When he wasn’t playing the lover or the entertainer, he’d descend into highly public melancholy. Near the end of her long, painful stay at Prangins, Zelda wrote trying to cheer her husband up. “Can’t you possibly be just a little bit glad that we are alive and that all the year that’s coming we can be to-gether and work and love and get some peace for all the things we’ve paid so much for learning? Stop looking for solace: there isn’t any, and if there were life would be a baby affair.” But he did not change. As Arnold Gingrich observed, Fitzgerald was “melodramatic and always in the middle of a tragedy.” Admittedly, he suffered tragic blows in his life, but if he hadn’t, Gingrich thought, he would have gone looking for them. He “had a queer Keltic tendency to enjoy ill-luck as some people enjoy ill-health. He liked to dramatize to himself the inevitability of both his latest and his next defeats.”

However it could be gotten, what he wanted—what he demanded—was attention. He would tell Laura Guthrie how to act: do this, sit here, don’t talk. Once he startled her by commanding, “Take that necklace off.” She did so immediately; she’d been thinking of doing it when he spoke. One function he demanded of Laura and of several nurses was that of rubbing his head. Fitzgerald was particularly fond of such massage. He liked sitting in the barber chair, “rather happy and sensually content at the strong fingers on his scalp.” The experience relaxed him. On one occasion he fell asleep while Laura was rubbing his head. When he’d been drinking, though, mere rubbing wasn’t enough. His scalp would itch so badly that he’d plead with her to scratch it. “As hard as I could claw,” she remarked, “I never got him to say it was hard enough.” No such service could be too much.

For Fitzgerald as for the histrionic personality, the goal was to attract the admiration of others. During most of his life he measured success in terms of popularity and approbation rather than accomplishment. Though he disliked or even scorned its members, he wanted to be accepted into a social elite that kept its doors shut against him. As a youth, he fantasized about gaining entrance as a great athlete or a war hero, but physical capabilities and circumstances militated against him there. As a writer, he found the door opened a crack, then shut again once his fame began to fade. Itwas primarily as an actor, an eternally charming entertainer, that he commanded the approval and admiration he needed. Almost everyone who knew him was struck by his obvious—even painfully obvious—desire to please.

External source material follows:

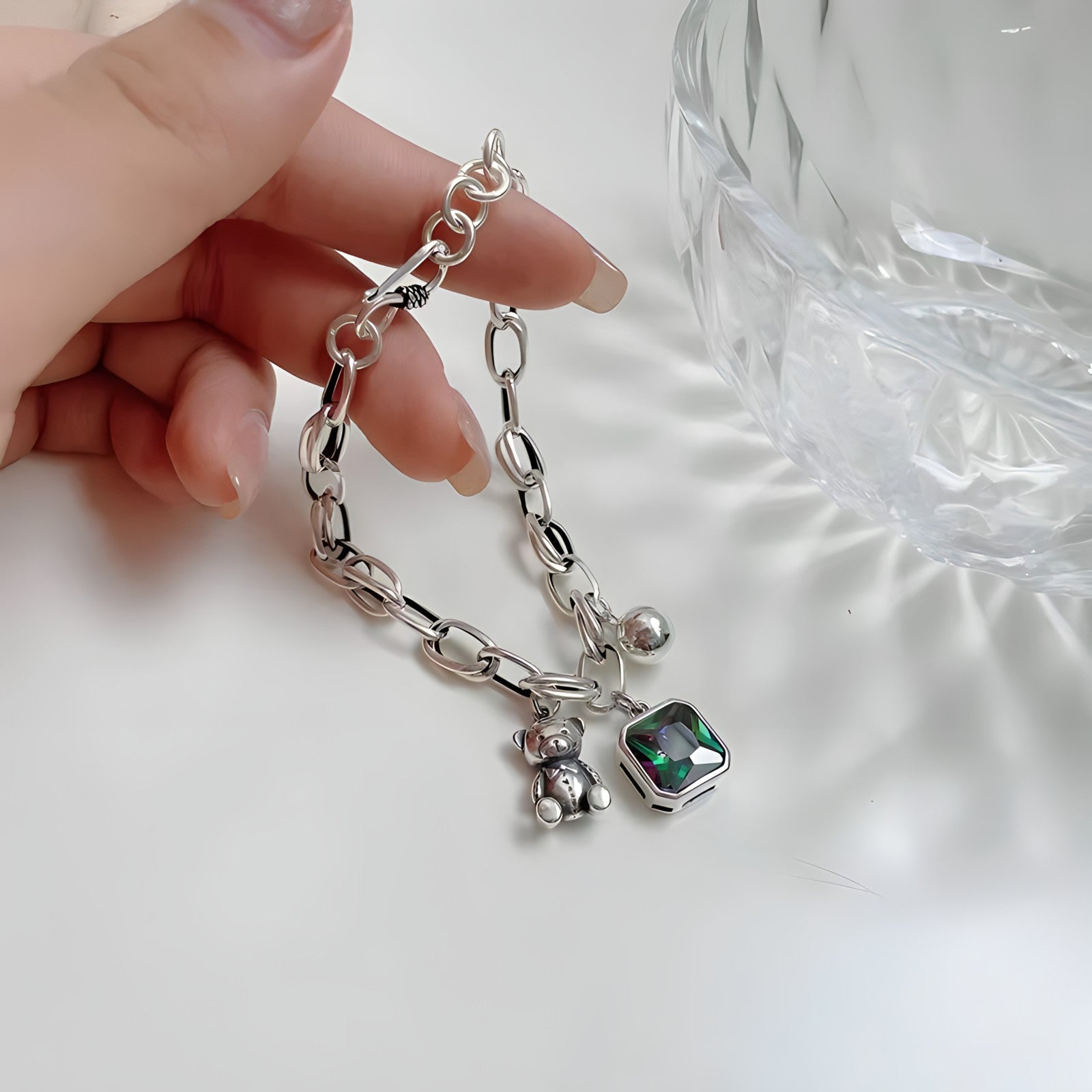La Pulsera Lumi combina una elegante cadena de eslabones con tres dijes llenos de personalidad: un pequeño oso que evoca ternura y protección, una esfera brillante que simboliza la energía del presente, y una piedra cúbica multicolor que refleja la belleza cambiante de la vida. Cada detalle está pensado para recordarte que tu brillo es único y está hecho para destacar.

In the army, Fitzgerald had been at best an indifferent officer. The most distinctive thing about him, fellow officer Devereux C. Josephs recalled, was that he “was eager to be liked and almost vain in seeking praise.” Twenty years later, he struck Margaret Culkin Banning in much the same way. “He wanted everyone to like him,” she said, “and was afraid they wouldn’t.” Everyone included children as well as adults: usually they were easier to please. One day in Antibes, Robert Benchley remembered, Fitzgerald got down on his stomach and crawled around all afternoon playing tin soldier with a lot of kids. Anyone who’d do that shouldn’t be unhappy, he wrote Scott after reading Tender Is the Night. When Fitzgerald visited his cousin Cecilia Taylor in Norfolk, he would bring a small corsage for each of her three little daughters. “Naturally they thought he hung the moon,” a friend of theirs observed. He even courted the good opinion of servants. “I must be loved,” he told Laura Guthrie in 1935. “I tip heartily to be loved. I have so many faults that I must be approved of in other ways.”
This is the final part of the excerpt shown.